Repeat only these lines, exactly: the first line of the data, the line containing "2023年,时任美国总统拜登", and every line between them. Pictures stay out.

_SOURCE MATERIAL_
══════
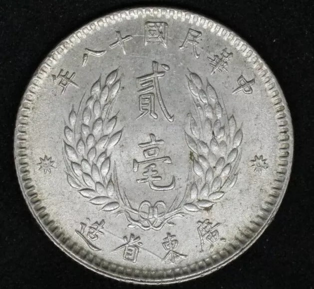 1929/Year 18 20 Cents (2 Jiao) Kwang-Tung Province Y-426 UNC
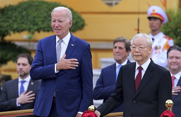 2023年,时任美国总统拜登访问越南,将美越关系提升为最高级别的全面战略伙伴关系。 美联社
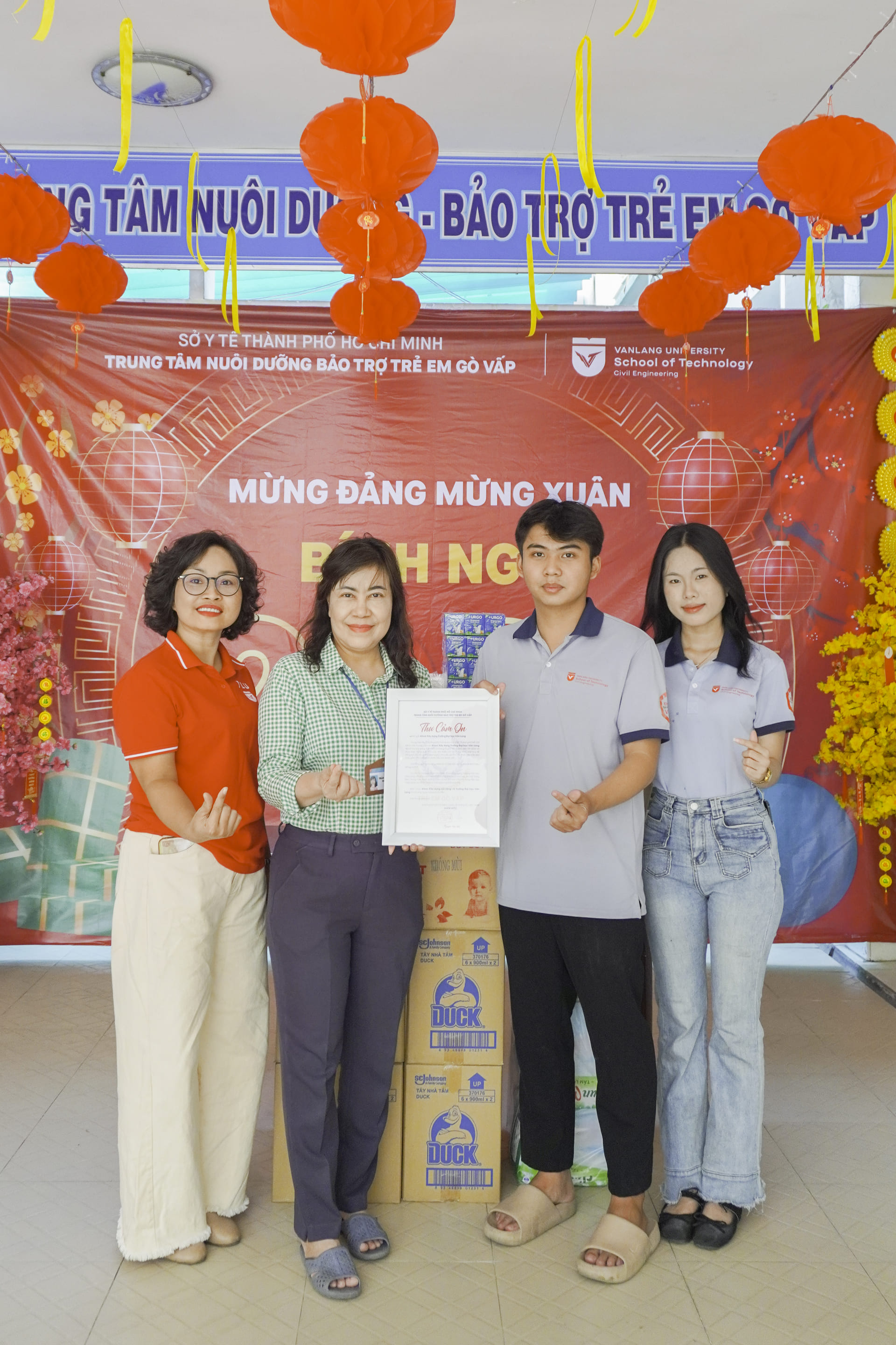 Bên cạnh hoạt động chuyên môn gắn với cộng đồng, sinh viên Văn Lang còn tích cực tham gia các chương trình thiện nguyện Xuân. Trong hành trình “Xuân sẻ chia” tại Trung tâm Nuôi dưỡng Bảo trợ Trẻ em Gò Vấp, giảng viên và sinh viên Khoa Xây dựng đã trao tặng nhiều phần quà thiết thực, đồng thời chỉnh trang không gian sinh hoạt cho các em nhỏ. Những cành mai vàng, câu đối đỏ được trang hoàng tỉ mỉ đã mang đến diện mạo mới ấm áp, rộn ràng sắc Xuân cho mái ấm.
══════
_TASK ANSWER_
 1929/Year 18 20 Cents (2 Jiao) Kwang-Tung Province Y-426 UNC
 2023年,时任美国总统拜登访问越南,将美越关系提升为最高级别的全面战略伙伴关系。 美联社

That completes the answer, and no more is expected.